1. Introduction
The world economy has entered an important period of rapid development and globalization. As an important transportation hub connecting the sea and land, ports are a key link for each country to realize global international trade and construct a global logistics transportation system, international logistics, and supply chains. In view of the current situation of global economic development, ports play an important role in the development of the national economy. The operation of the port transport industry is a barometer of the country’s macroeconomy, and the fluctuation of port throughput reflects the development of world trade. Due to the high efficiency of container handling, fast turnover, packaging cost savings, and cargo loss reduction, the container-based transportation system has gradually become the main way of maritime transportation. The container is an important index to evaluate the comprehensive capability of a port. Accurate prediction of container throughput is of great significance to port planning, operation, and decision-making and regional economic development. On the other hand, container throughput is one of the important factors affecting port carbon emissions, and accurate prediction of container throughput plays an important role in studying port carbon emissions.
There are many scholars using a variety of different methods to predict container throughput. The commonly used prediction methods include traditional models (multiple regression, exponential smoothing, grey prediction, neural networks, combinatorial and autoregressive models, etc.) and machine learning techniques (support vector machines, random forests, deep learning algorithms, etc.). Although these methods have achieved certain predictive effects, they also have some limitations. For example, multiple linear regression models explore the linear relationship between variables based on fixed mathematical models. However, in many practical fields, especially in the economic field, there is often a nonlinear relationship between variables.
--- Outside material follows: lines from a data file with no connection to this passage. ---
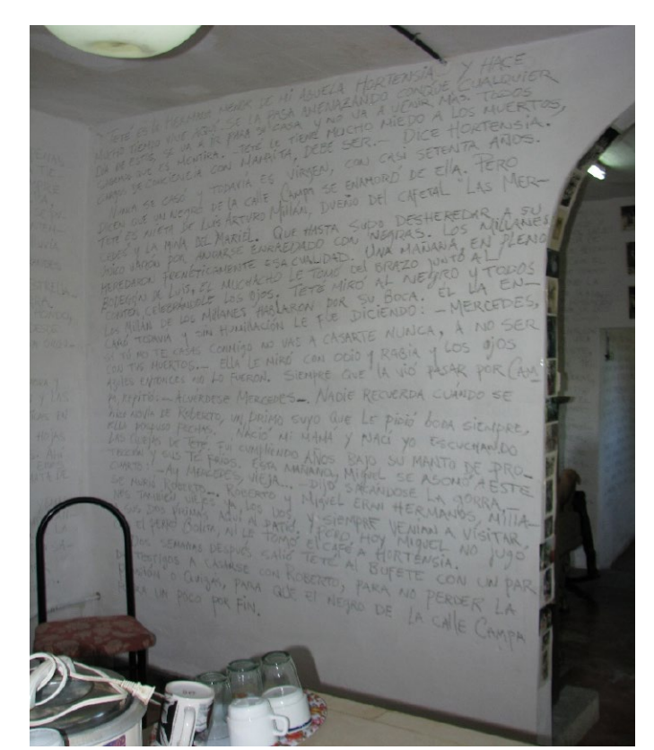
Figure 9 – Kitchen.
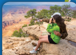
RED ROCKS & PAINTED CANYONS
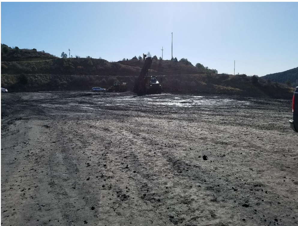
Figure 7. RDA looking east.

Number of Partial Inspection this Fiscal Year: 7
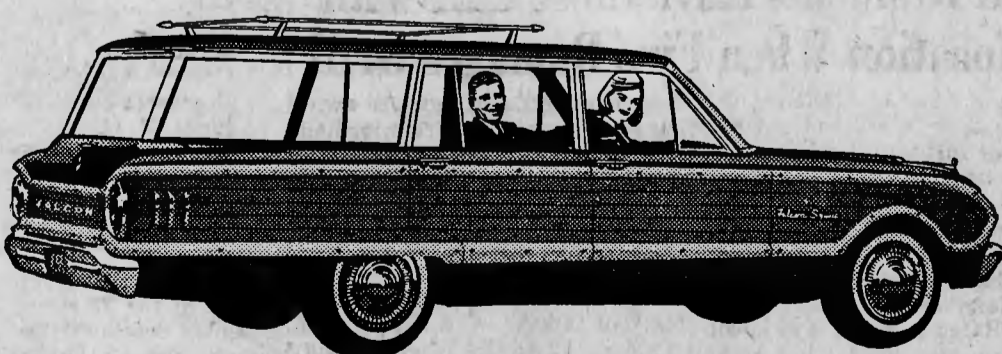
FALCON SQUIRE WAGON... Brand new for '62, it's sleek, sophisticated... and the only compact wagon of its kind. Inside, it is available with Futura bucket seats and a handy console! Outside, it has steel side paneling with elegant woodlike finish.
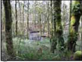
2 Wetlands border the western property line.

The grey prediction model is prone to a rapid increase and decay and a lack of adaptive ability, so it is suitable for short-term prediction. The neural network model needs a large number of training samples. The autoregressive integrated moving-average (ARIMA) model can process linear time series data, but cannot capture nonlinear time series data. The kernel function selection of the support vector machine method is subjective. The combined models do not guarantee the size of the weights. Container throughput has the characteristics of randomness, volatility, and nonlinearity, which increase the difficulty of prediction. Therefore, it is urgent to find a simple, effective, and high-precision method to predict container throughput.
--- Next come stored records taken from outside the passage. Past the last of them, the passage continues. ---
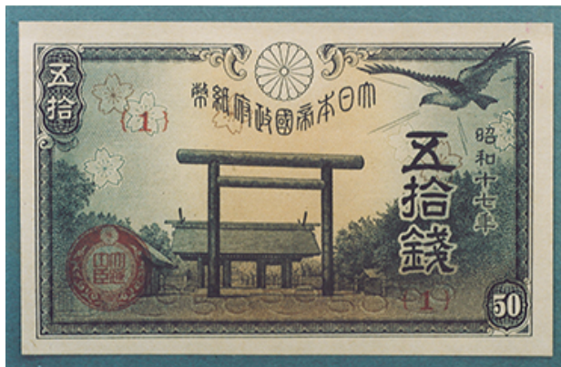
Shrine on 50 sen bill, 1943.

Another kind of alchemy goes hand in hand with the alchemy of exaltation. This is the alchemy of amnesia . . . forgetting atrocities and war crimes, forgetting the treatment of the military comfort women, of forced laborers, of those whose lands were invaded, homes destroyed and families slaughtered in the name of emperor and empire. While the military dead were enshrined as kami at Yasukuni shrine and their families received state pensions, the hundreds of thousands of civilian dead and many more injured were forgotten: neither shrine nor state commemorated their sacrifice or attended to the needs of their families. If nationalism has everything to do with invented tradition, as Benedict Anderson has compellingly argued, it is equally about suppressed or forgotten traditions.
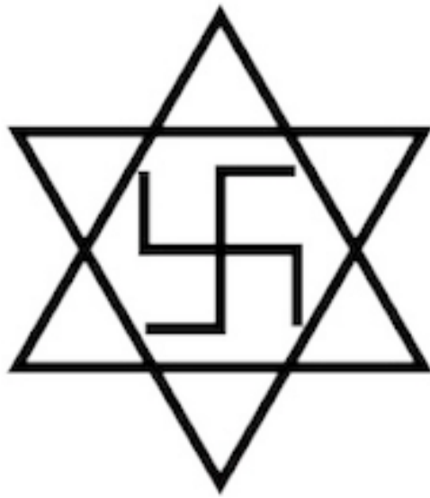
Buddhist from Bardo Thodol Tibetan Book of the Dead
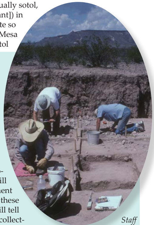
Staff members excavate units at the Paradise site.

Analysis of the wood and soil samples is ongoing. Examination of the soil samples for both micro- and macro-biological evidence will help us understand the environment of 4,000 years ago and the diet of these people, and the wood samples will tell us what wood species they were collecting for fuel. In the ensuing months we should learn much more about lifeways of the inhabitants of the site and, by extrapolation, the other Middle Archaic groups who roamed the Big Bend between 2500–1000 B.C.
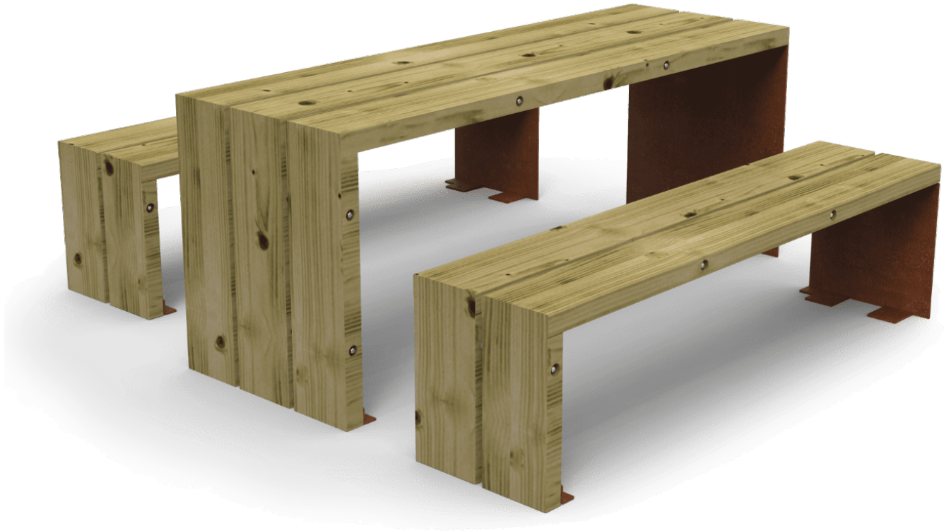
Table made of pine wood treated in vacuum pressure autoclave Class IV against woodworm, termites and insects. Stainless steel screws. 8mm Corten sheet steel legs.

Recommended anchoring: by means of M10 expansion bolts depending on the surface and the project.
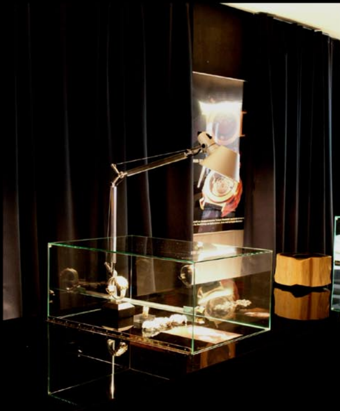
Showcase for Time Explosion and La Vie en Rose
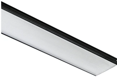
500 mm micro-prismatic diffuser. Highly efficient multilayer diffuser that, thanks to its unique microprismatic texture, provides a glare free UGR<19 light beam 08.0113.00
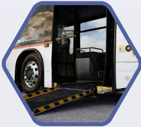
Access to Public Transit
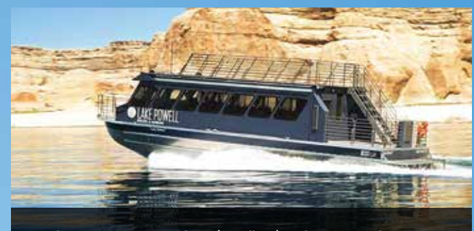
Each engine consumes 57 liters (15 gallons) per hour at a 30-knot cruise.

Distributor: Cascade Engine Center in Seattle, Washington; www.cascadeengine.com
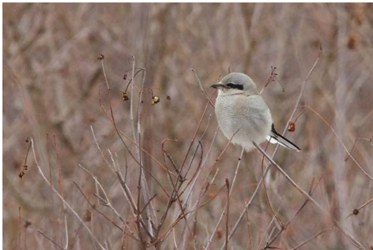
Northern Shrike, 15 January 2015, Haddam Meadows State Park, Haddam

In recent years, the technological progress of computing tools and computational capacity has allowed us to deal with a large number of complex and high-dimensional data, which come from different practical fields. For example, the monthly data of container throughput, the daily data of temperature, the hourly data of electricity quantity, and the minute data of stock prices all have functional characteristics. These data are characterized as curves, shapes, and images, which are usually called functional data. Ref. [
1] proposed functional data analysis methods based on functional analysis techniques, the topology, and statistics, which are methods of processing functional data. The main idea is to regard the data observed once in the observation interval as a whole. Functional data form curves, surfaces, and images allow fully understanding the changes of the whole data, finding the change rules, mining the data information, and making data analysis more accurate. At present, functional data analysis has attracted much attention due to its wide application in many practical areas, such as biology, medical sciences, geophysics, meteorology, pattern recognition, and so on.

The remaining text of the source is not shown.